Изменить размер шрифта - +

Корейко, терпеливо ожидающий восстановления капитализма; Скумбриевич, бывший совладелец торгового дома «Скумбриевич и сын»; когда-то хозяин аптеки Берлага; «бывший князь, ныне трудящийся Востока» злобный Гигиенишвили; притворяющийся мужичком Митрич, в прошлом камергер царского двора, и другие — все это чужие люди, люди из враждебного нам лагеря. Если они могут причинить какой-нибудь ущерб государству, то делают это с особым смаком, если они мещански отсталы и косны, то с озлобленным упорством держатся за свою отсталость и косность как за возможность не принимать новую жизнь. Корейко творит крупные преступления, обитатели «Вороньей слободки» совершают гадости помельче, но характеры их даны так, что читатель понимает: от них можно ожидать любой провокации, любой мерзости. Чего стоит хотя бы реплика Митрича, наблюдающего, как горит подожженный им дом:

«— Сорок лет стоял дом, — степенно разъяснял Митрич, расхаживая в толпе, — при всех властях стоял, хороший был дом. А при советской сгорел. Такой печальный факт, граждане».

Ильф и Петров ненавидят всю эту нечисть, но не боятся ее: пусть лютует она против нового мира, пусть упивается злобным своим лозунгом: «А не летай, не летай, человек ходить должен, а не летать!», пусть с восторгом копается в тряпье и гнили у нас на задворках, — сатирики хорошо видят наступление нового мира, того самого, в котором человек непременно хочет летать. И именно потому, что они хорошо видят наступление нового, они не боятся ставить отдельные и мелкие отрицательные явления под увеличительное стекло гиперболы и обобщения.

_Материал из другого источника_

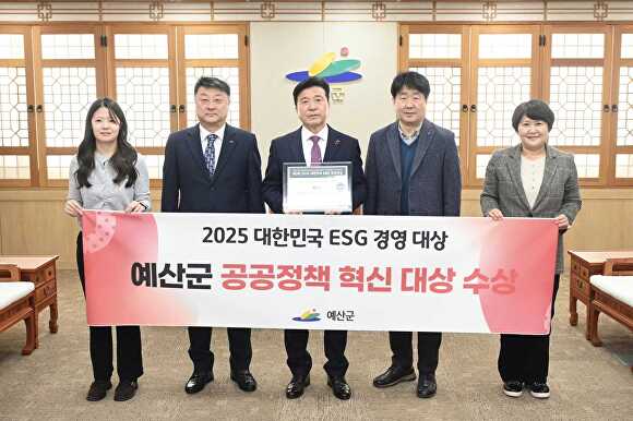 [아이뉴스24 정다운 기자] 충남 예산군이 ‘제2회 2025 대한민국 ESG 혁신 어워즈(대한민국 ESG 경영대상)’ 시상식에서 공공정책 혁신 부문 대상을 받았다.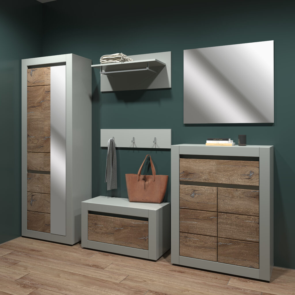 Практичний та лаконічний комод Катанія 2Д1Ш поєднує в собі функціональність та стильний дизайн. Він відмінно справляється не тільки зі зберіганням речей, але й ефективно виконує естетичну функцію – ваш будинок стає ще затишнішим. Комод з передпокою Катанія виконаний у трендових кольорах шиншила сіра/дуб флагшток, який цікаво доповнить ваш інтер”єр та розбавить монотонні кольори.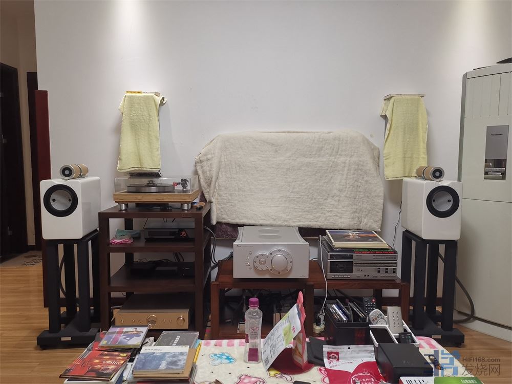 (3)可能比较挑环境和线材,因之前的OPUS1声音偏暗,所以用的全套铜镀银的线。但对现有环境下的LUNE而言,全套镀银线(国产、档次一般)加上房间墙面太光滑,墙上没有任何装饰,沙发前还摆了一张玻璃茶几,导致中高频有的频段偏亮偏冲。换成纯铜线并在沙发墙上暂时挂了空调被,茶几上覆盖了一层小绒毯后,声音就正常了。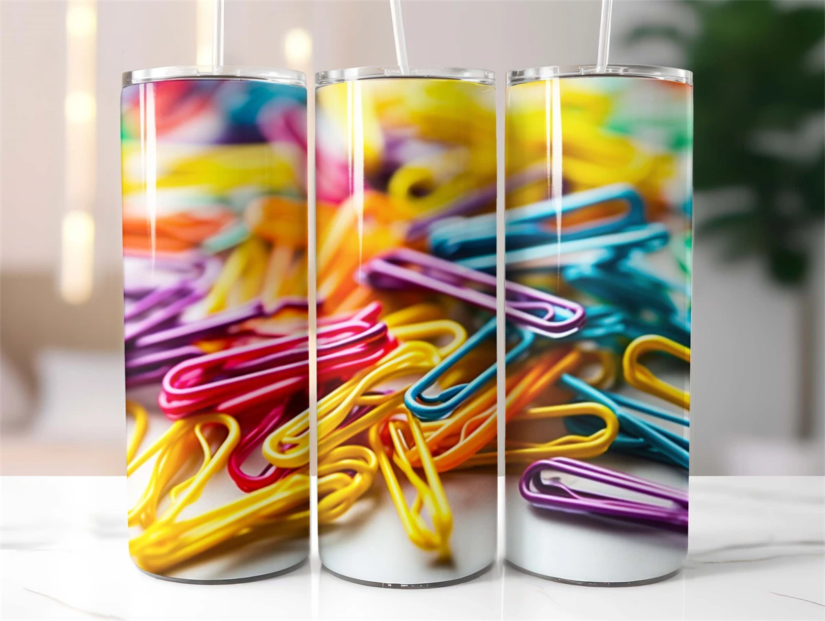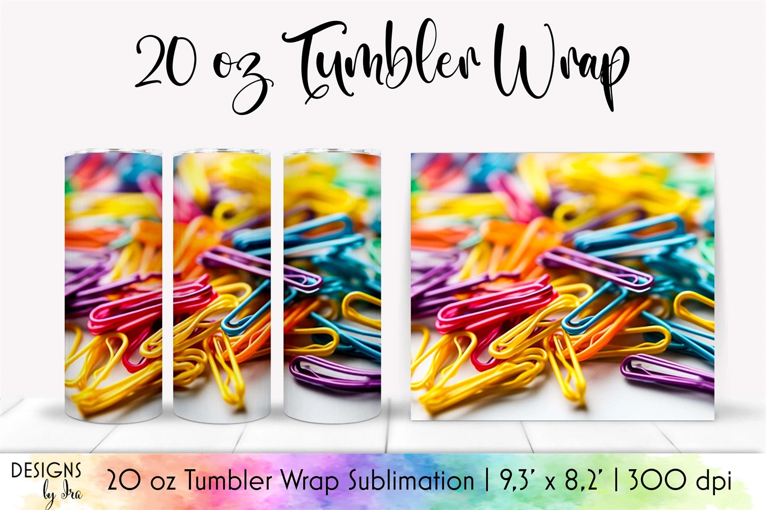 20 oz Tumbler wrap sublimation with coloured pencils, paint brushes, paper clips, sticky notes (stationary)

В романе ряд обобщенных сатирических образов. Символический образ проселка, по которому вынужден брести Остап со своими товарищами в поисках нетрудовых доходов («С точки зрения дорожной техники этот сказочный путь отвратителен. Но для нас другого пути нет»). Образ фантастического «Геркулеса»: под его кровлей можно найти разнообразнейшие проявления бюрократизма, прикрывающего хищения и грабежи. «Воронья слободка» — красочная коллекция типов мещан и тунеядцев. И самый емкий, самый обобщенный — образ мелкого «муравьиного мира», существующего рядом с большим. Его обитатели стараются не отстать от «большого мира», но не в высоких целях облагодетельствования человечества, а просто затем, чтобы сытно и тихо прожить.

Конечно, глухие проселки отсталости не бегут в стороне от больших магистралей жизни и маленький муравьиный мир, в котором строятся брюки «Полпред», пока в большом мире строят Днепровскую гидростанцию, не спрятан за глухой каменной стеной, бюрократы служат не только в «Геркулесе», а «Воронью слободку» невозможно найти в чистом виде. В жизни все это переплетено, разобщено и смешано. Но обобщенность, которую придают Ильф и Петров разрозненным пережиткам прошлого, усиливает действенность сатиры: мелкие, как бы случайные явления, попав под удар сатиры Ильфа и Петрова, теряют свою кажущуюся случайность и безобидность — они приобщаются к миру старого, пошлого, ненавистного, они подлежат беспощадному уничтожению.

В политически страстной сатире «Золотого теленка» появляются, наконец, и положительные персонажи.

Но разве в «Золотом теленке» есть положительные персонажи? — скажет критик, лет тридцать снисходительно похваливавший роман и ни разу не задумавшийся над тем, что имеет дело с произведением, вошедшим в мировую литературу. — Кто же они? Летчик Севрюгов или строители Восточной магистрали? Но они обрисованы так силуэтно. Студентка в гимнастических туфлях, очарованная комфортом международного вагона, или журналист Лавуазьян, заказавший себе в присутствии иностранцев почки-соте, которых терпеть не мог, но зато надувшийся от гордости? Конечно же, эта девушка далеко не лучшая представительница героического поколения Павки Корчагина, а советская журналистика конца 20-х годов могла бы похвалиться и более эффектными фигурами, чем смешной Лавуазьян, маленький Гаргантюа или веселый Паламидов.